By the time I got there Dr Hu was clearly exhausted, thin arms flexing, tiny hands placed precisely over Mr Fell's large and silent heart. I took over and started shoving. This is one area where physical mass, basic substance, is important. I looked up at the monitor. Blood pressure unrecordable. Heart rate unreadable – the line jittered each time I lurched forward, leant all my weight on that massive sternum. Oxygenation – none.
“Adrenaline,” said Dr Kaspar, a woman who gave up neurosurgery to be an emergency doctor, and one of the two or three most respected doctors in the ED. She spoke in that calm, enunciated way that cut through the alarms and the murmur of instructions and the jostling of the resus table, and she always said the right thing. Someone gave adrenaline.

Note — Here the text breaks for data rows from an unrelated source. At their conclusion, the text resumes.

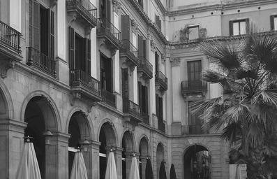 Keywords: building balconies balcony windows palm trees black and white architecture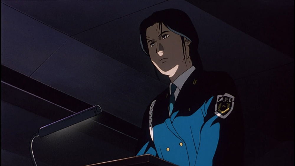 Situé dans le lointain futur de l’an 2002, Patlabor 2 se détourne volontairement de l’action et concentre son récit sur l’attente et la tension qui précèdent un conflit terroriste qui semble inévitable. Sur sa durée de 113 minutes, le long-métrage ne montre quasiment jamais l’escouade Patlabor. Quant aux personnages que vous appréciez depuis la série et le premier film ? Ils sont tous oubliés ou relégués au second plan. Si Oshii propose quelques scènes à suspense, celles-ci ne constituent en aucun cas le cœur du film, dévolu à la contemplation. Alarmée par une obscure menace terroriste, la ville de Tokyo devient fantomatique, vide de population et seulement hantée par des personnages en quête de sens, perdus dans l’attente du début d’une guerre qui n’arrive jamais. L’occasion pour Oshii d’enchaîner les monologues philosophiques, accompagnés par la musique envoûtante de Kenji Kawai. Scènes qui seront répétées dans Ghost in the Shell deux ans plus tard. On retiendra également la protagoniste Shinobu Nagumo, perdue dans les sphères misogynes du pouvoir tokyoïte. Un beau portrait de femme, nuancé et complexe.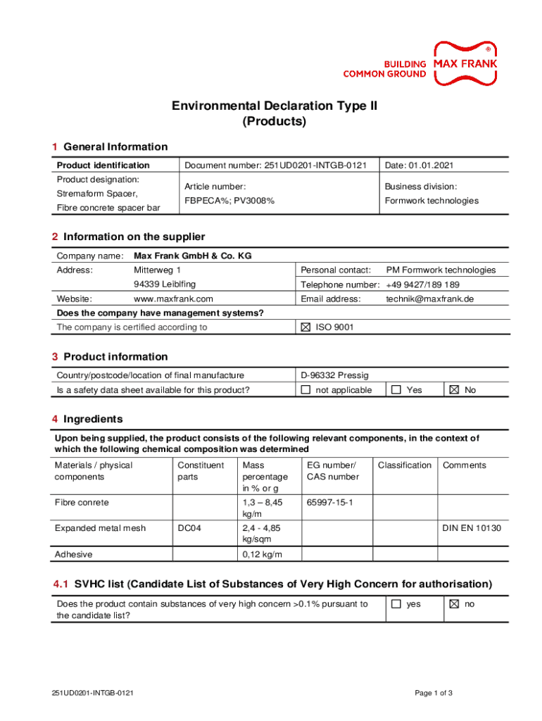Environmental Declaration Type II (Products) 1 General Information Product identification Product designation: Terraform Spacer, Fiber concrete spacer document number: 251UD0201INTGB0121Date: 01.01.2021Article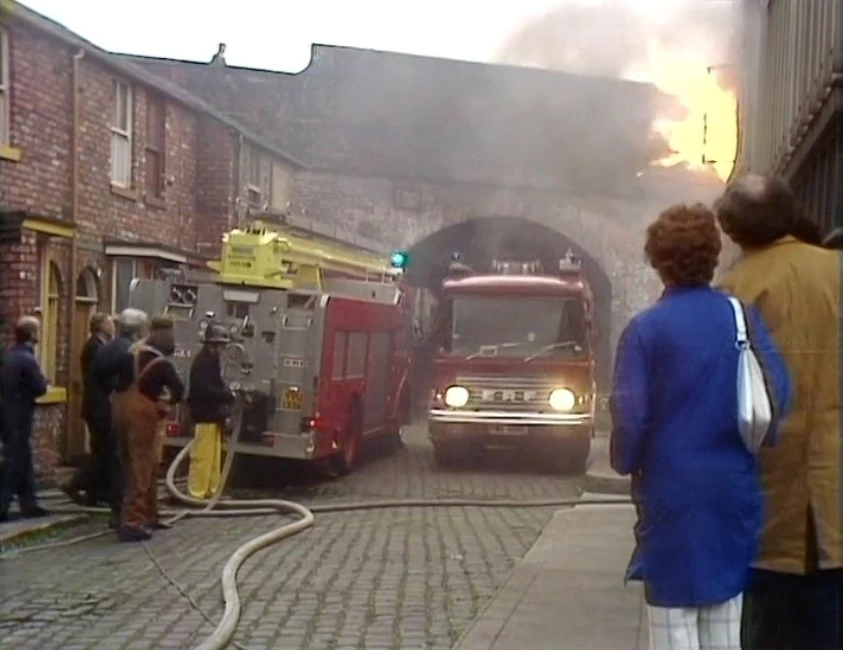 - All of the sequences on the Grape Street set were OB recorded. Unusually, one shot of the second fire engine arriving at Coronation Street showed the railway goods yard which then stood the other side of the viaduct. This now forms a part of the Museum of Science and Industry in Manchester.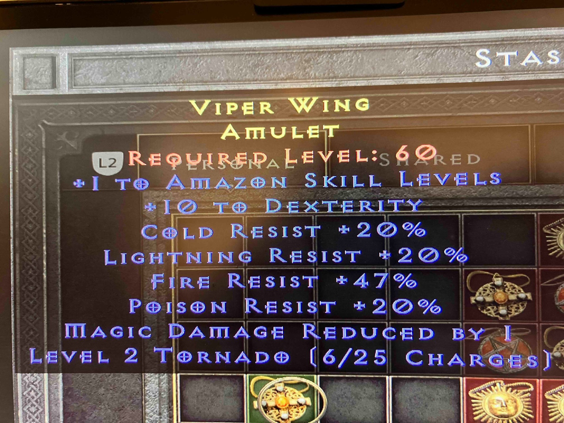 amulet : 1 to amazon skill, 10 Dex, cold, light poison 20%, fire 47 --> i like this one...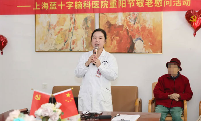 金秋十月,丹桂飄香。在中華民族傳統(tǒng)佳節(jié)“重陽節(jié)”與第20個“世界卒中日”來臨之際,為弘揚敬老愛老傳統(tǒng)美德,守護長者腦健康,10月28日下午,上海藍十字腦科醫(yī)院“藍小醫(yī)”志愿服務隊在8B腦血管病四科副主任陳泥的帶領下,帶著對長者的深切關懷,走進七寶敬老院,開展了“情暖重陽 ,健康相伴”主題健康慰問活動;顒佑舍t(yī)院門診部客服科主任羅佳主持。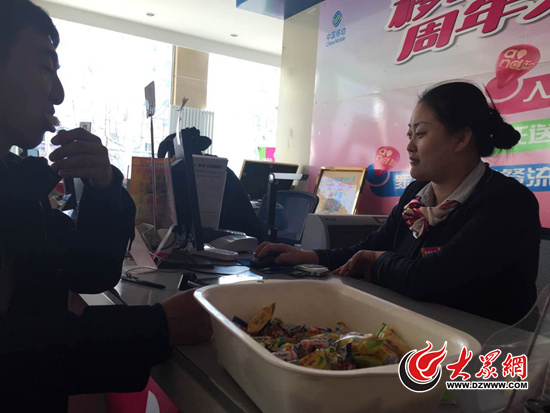 春節(jié)期間,營業(yè)廳里為辦理業(yè)務(wù)的市民準(zhǔn)備了糖果,讓很多市民“沾喜氣”。記者 馬俊驥 攝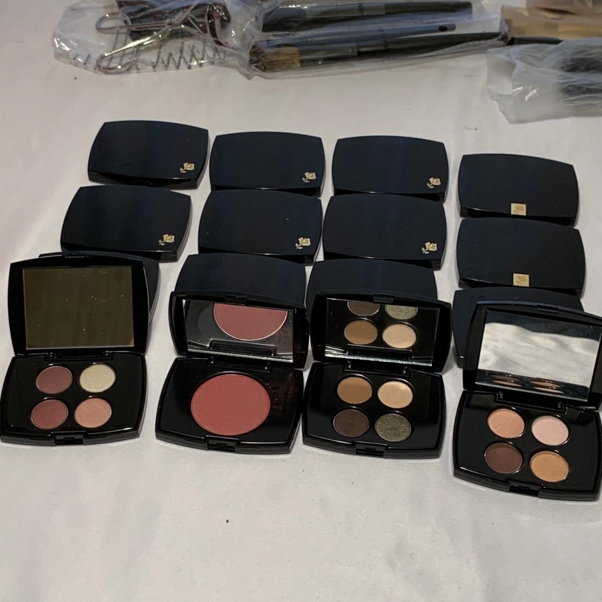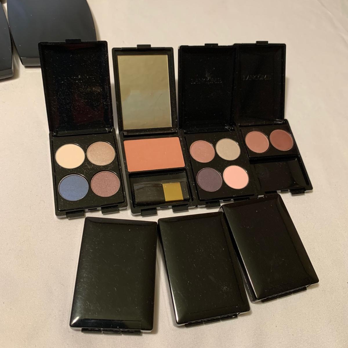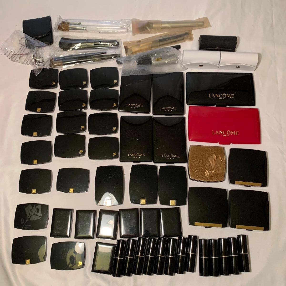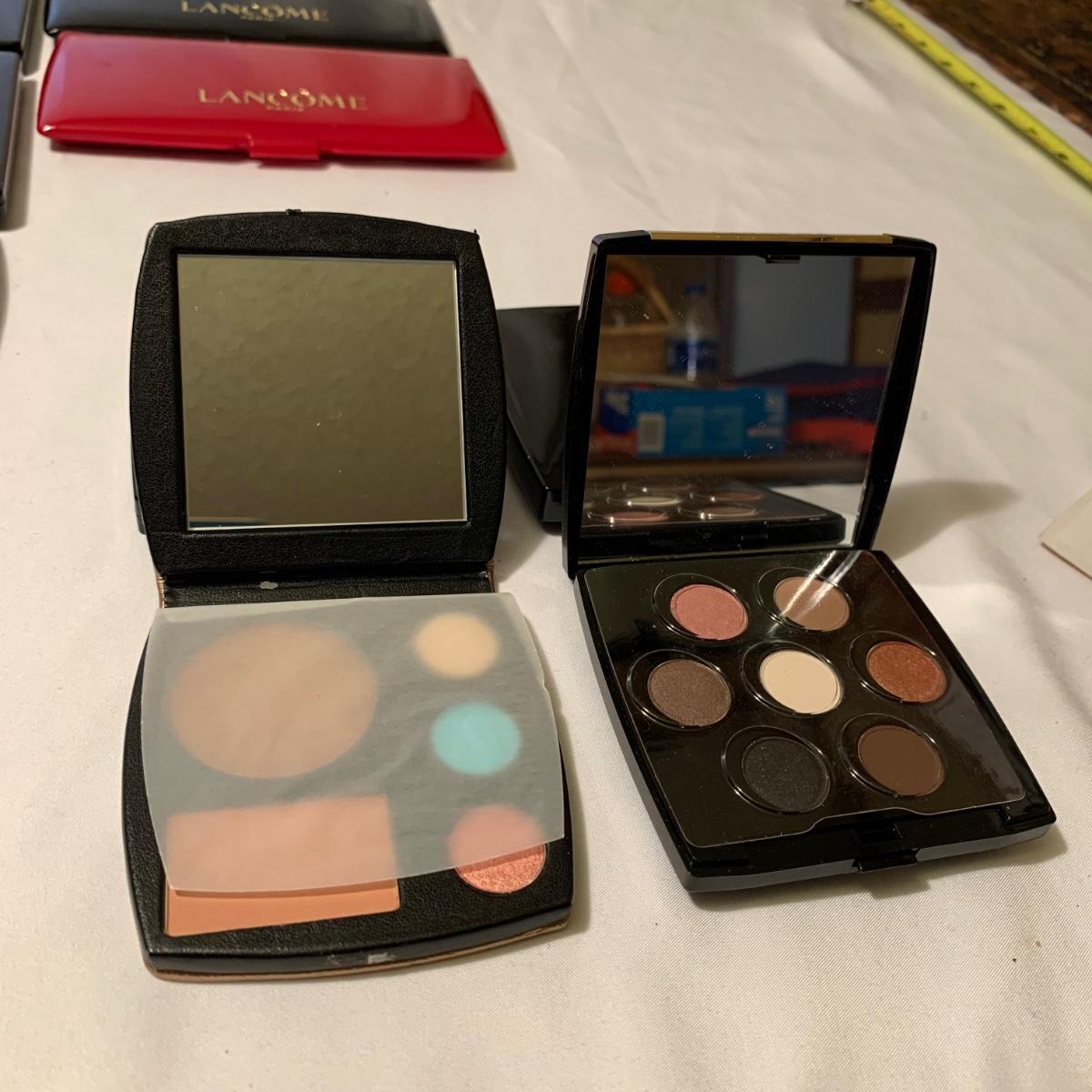 A huge variety of unused Lancôme makeup. Many shades of eyeshadows, bronzers, and blushes, as well as lipsticks, makeup brushes, lipstick cases, and an eyelash curler. Four hard Lancôme caddies are included, as well as two smaller pouches. The black and white caddy measures 13” x 8” x 6”. Local pickup only.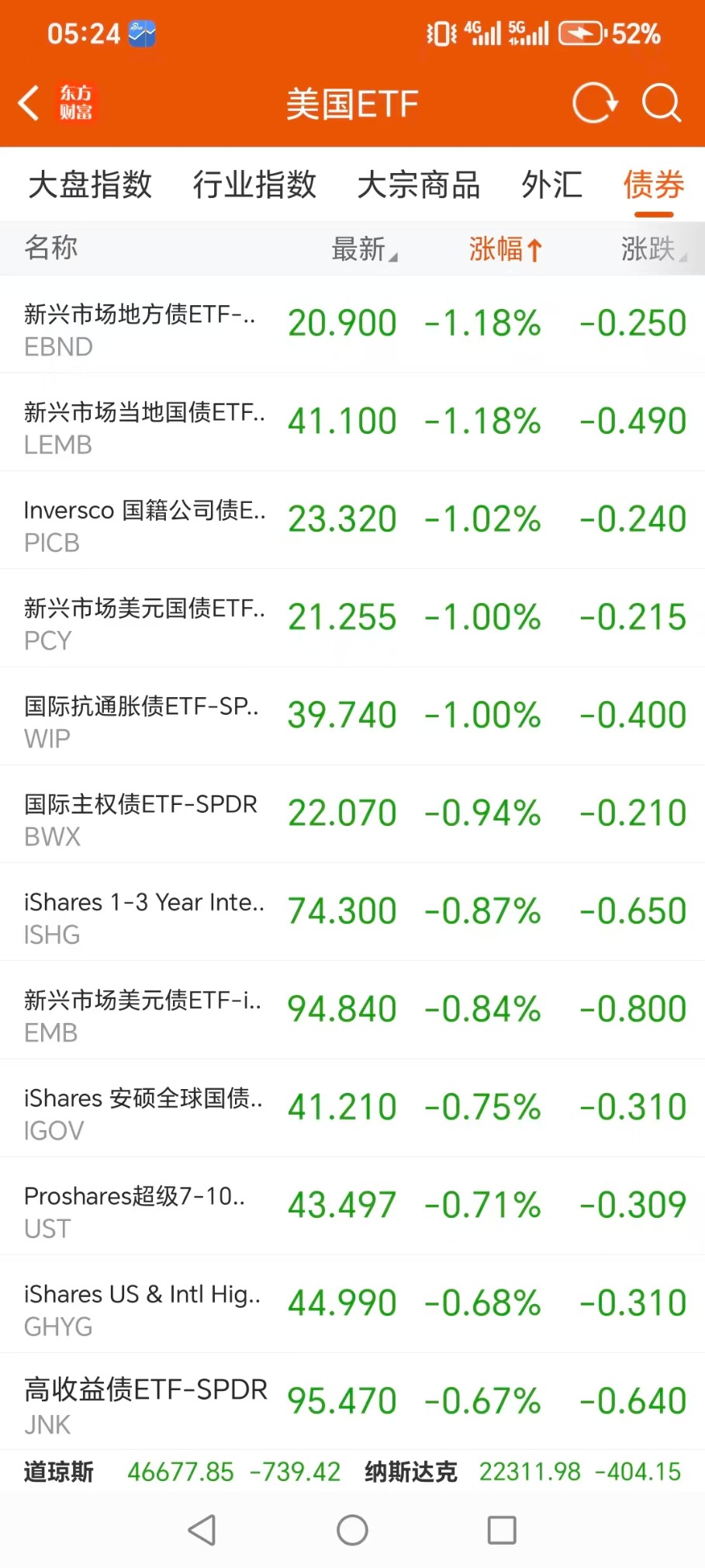 新兴市场主权债-PowerShares(PCY.US) 跌超 1.00%,成交额 446.52 万美元。

“Pause,” said Kaspar. I stopped, breathed deep. We all looked up at the monitor, which functions something like an oracle and something like a judge.
Twenty one. Five.
“Commencing,” I said and he started lurching again. I looked down and slightly to my left you could see Mr Fell’s eyes, ever-so-slightly open, like some people when they are asleep, watching me as I fought to batter some life into the unyielding, inert mass of him. We shocked him - Dr Kaspar calling "everyone clear", everyone standing back - in real life there is a pause between being able to shock and shocking, everyone looks around to check that no-one is standing close enough, the people closest to the patient edge back - and her pressing the paddles onto his chest and jolting. For that few tenths of a second life - movement, response, energy - enters into him, arms swing, maybe a grimace - and you can see why when electricity was discovered it was called "galvanizing". But as soon as the current stops, he falls back. I climb on top of him again and begin lurching.
After a while Dr Sanjeev takes over and I stand back. Every few minutes we stopped to check, every few minutes, nothing. Underneath the seeming chaos, the insistent ringing of the alarms, the calls back and forth of drug doses and blood pressures and milliamperes there is order, and underneath that a growing quiet, a sense of rising despair. People not directly involved turn to each other and murmur. At least ten minutes down-time in the car. Forty five minutes in resus without oxygen. Asystolic almost all that time. Survival after this is at best a matter of increments - we may save a bit of mobility, he may be able to open his eyes. The undamaged man is long gone.
The door bleeped behind me and Dr Kaspar emerged. She had been talking to the family.
"Pause" she says. Dr Sanjeev steps down, I step up, put my hands on Mr Fell's chest, right hand gripping left, elbows locked. Dr Kaspar gazes at the monitor. Nothing. Everyone gazes at Dr Kaspar.
"How long?" she says.
"Forty eight minutes."
"That's it" she says. "I'm calling it." She peels her gloves off. "Time of death, ."
And like that, he is dead. It is as if she speaks death, as if her words slay. There will be no feeding tube for Mr Fell, no blank stare, no aphasia, no nurses turning him every few hours, tubes in and out of orifices.
Dr Kaspar turns and goes out to speak to the widow. I know she hates this bit. But I also know the last time Mrs Fell saw her husband alive he was walking and talking and laughing, the man she married. I hesitate to draw a moral from this kind of event, as if it were something performed with us in mind, played out for some didactic purpose, but if I did it would be that I believe, almost as much as I believe anything, that Dr Kaspar has said the right thing.